Ressalta-se, novamente, que o diferencial desta obra é que a autora faz duras
críticas ao ensino gramatical atual, mas defende o ensino da gramática, não prega o
seu abandono.
A autora encerra sua obra trazendo novamente o diferencial entre língua e
gramática, que são coisas distintas e que não devem ser confundidas. A língua tem
mais acordes, mais vibrações, uma pauta maior, com mais notas e mais vibrações. A
língua nem cabe na gramática. A gramática é menor, mais curta, menos abrangente.
Tem menos lições. Portanto, as duas não rimam.
Língua e gramática também não rimam quando se confunde o estudo de nomenclatura com o estudo da gramática; quando não se vai além da nomenclatura,
para encontrar os sentidos que transparecem no uso real, concretizado, efetivado.
Uso geral. Todos.
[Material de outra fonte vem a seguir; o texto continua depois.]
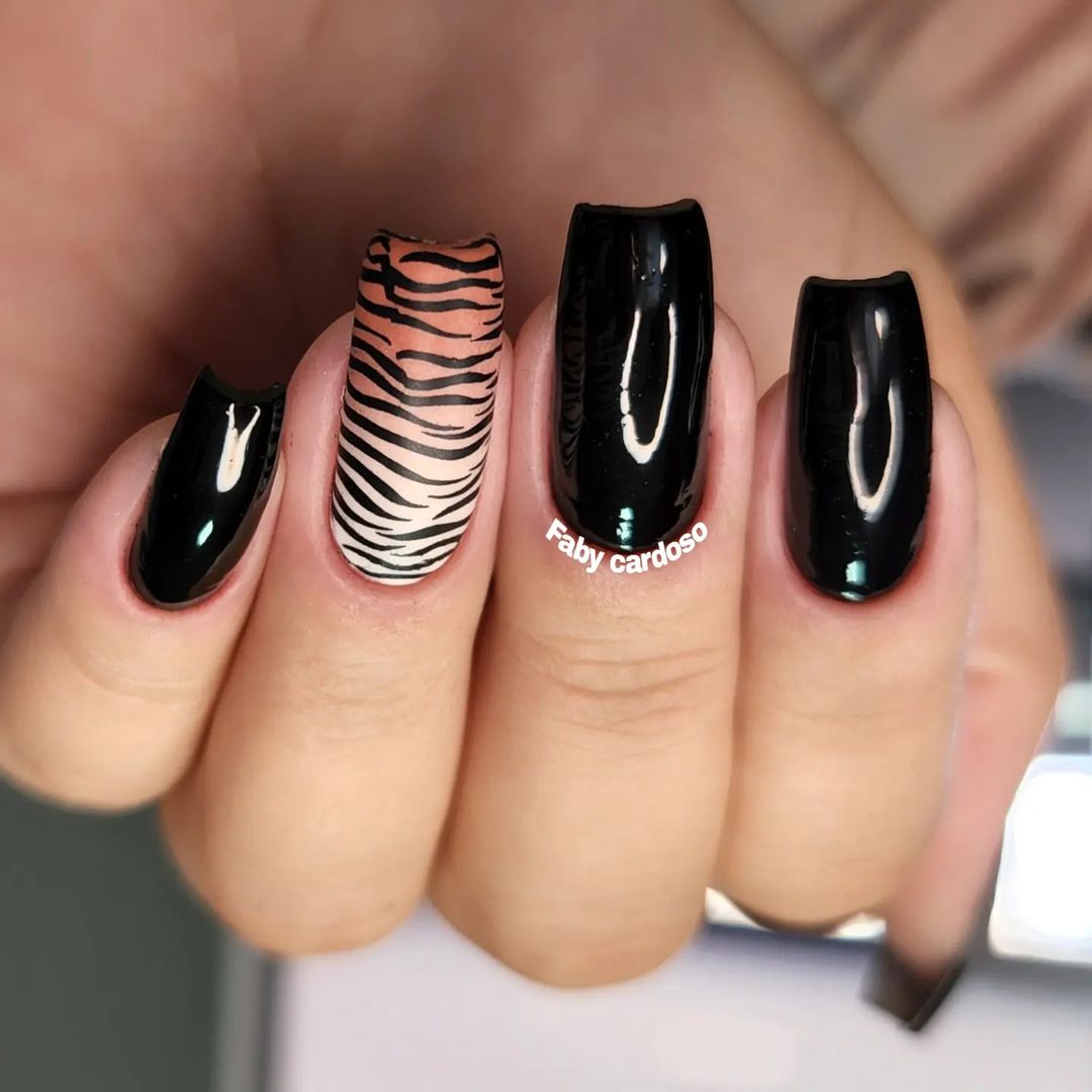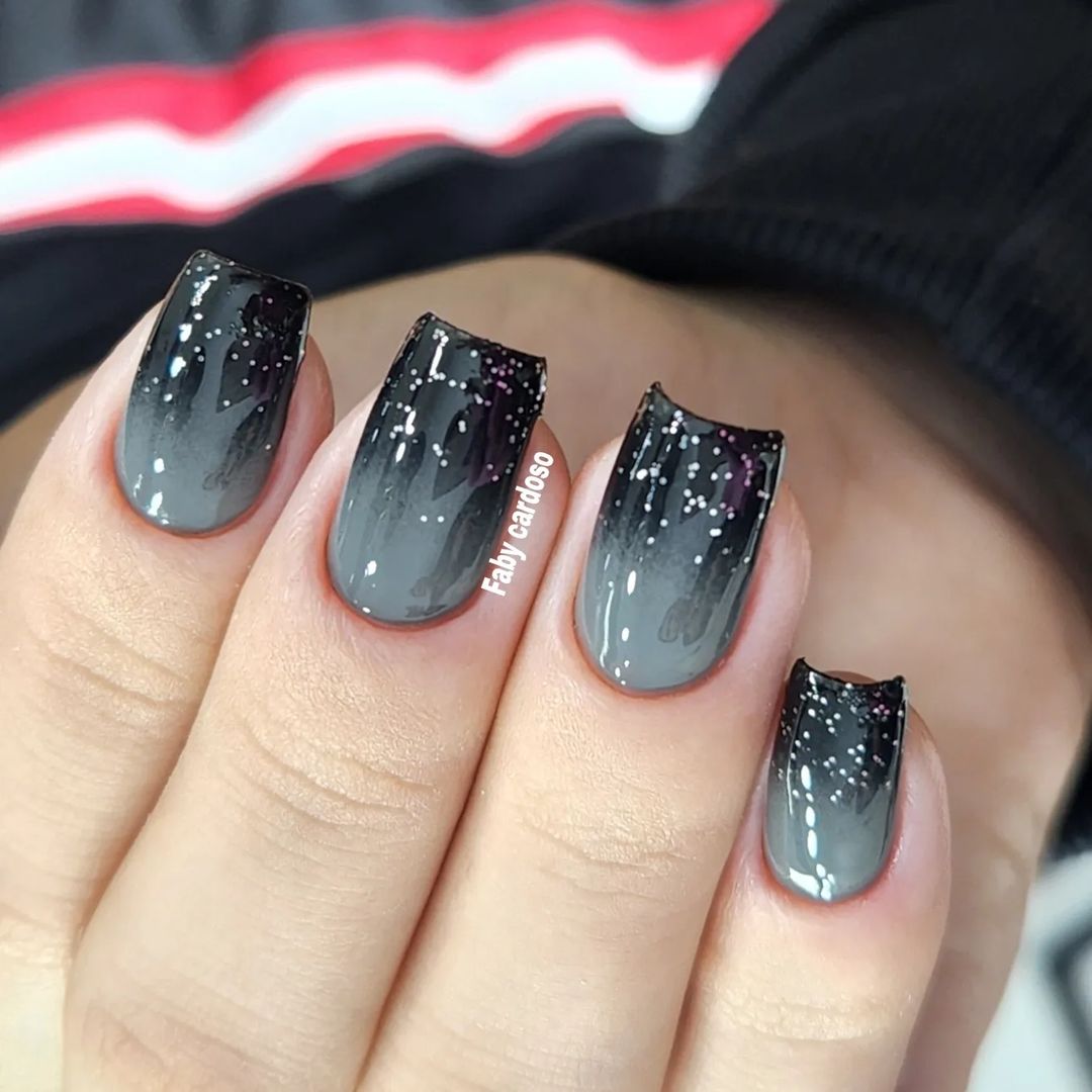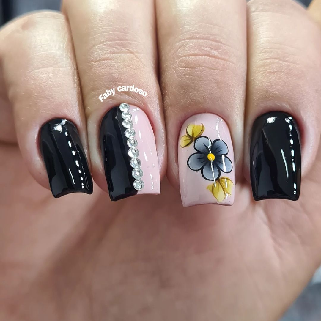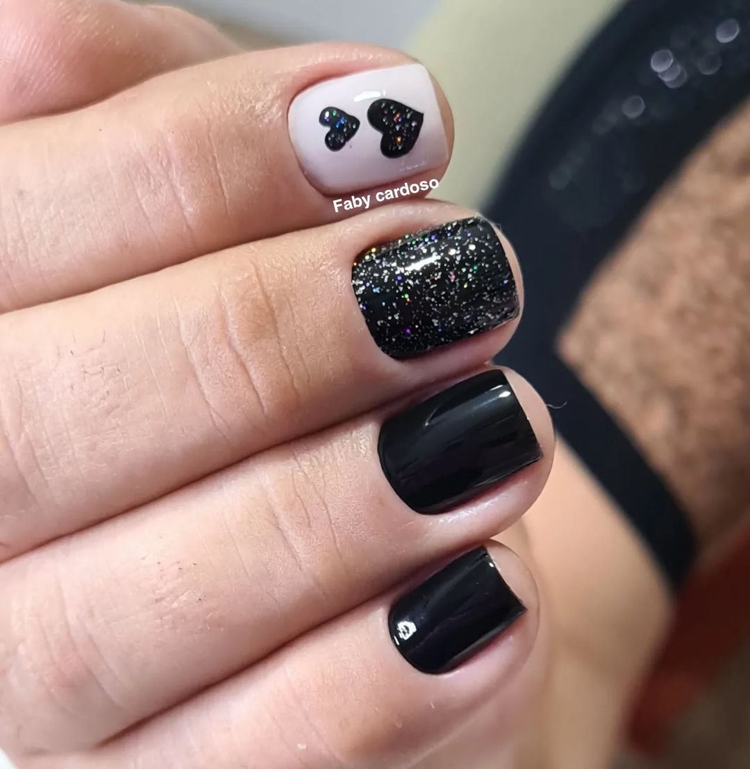 No entanto, se o objetivo é brilhar mais do que qualquer outra coisa, as unhas pretas com glitter são a melhor escolha. Brilhe nos olhos e brilhe na ponta dos dedos. O esmalte preto combina bem com detalhes em glitter. Então, se você não se importa em arriscar, aposte nessa combinação marcante.

Não apenas aqueles que são reconhecidos como “cultos” ou
“prestigiados”. Todos têm sua validade e ninguém pode ser visto como menos dotado por não saber alinhar pela erudição e pela língua “bem-falada”.
Língua e gramática podem ser uma solução aprendendo a apreciar a recriação da língua cada vez que a gramática varia, cada vez que ela se submete às condições de uso e se deixa levar pelos propósitos de quem a usa; quer dizer, se não
deixar que a gramática assuma o comando absoluto de tudo e saia do lugar de adjuvante; de companheira, apenas, cuja presença é necessária, mas não, suficiente.
Língua e gramática podem ser uma solução se soubermos ir adiante, muito
além da gramática; muito além até mesmo da língua, para alcançar a nós mesmos e
aos vestígios mais sutis da cultura, da história, dos discursos todos que teceram e
tecem os versos de cada um. Teríamos cumprido a missão sonhada de fazer a travessia do ensino de línguas sem tantas pedras no caminho!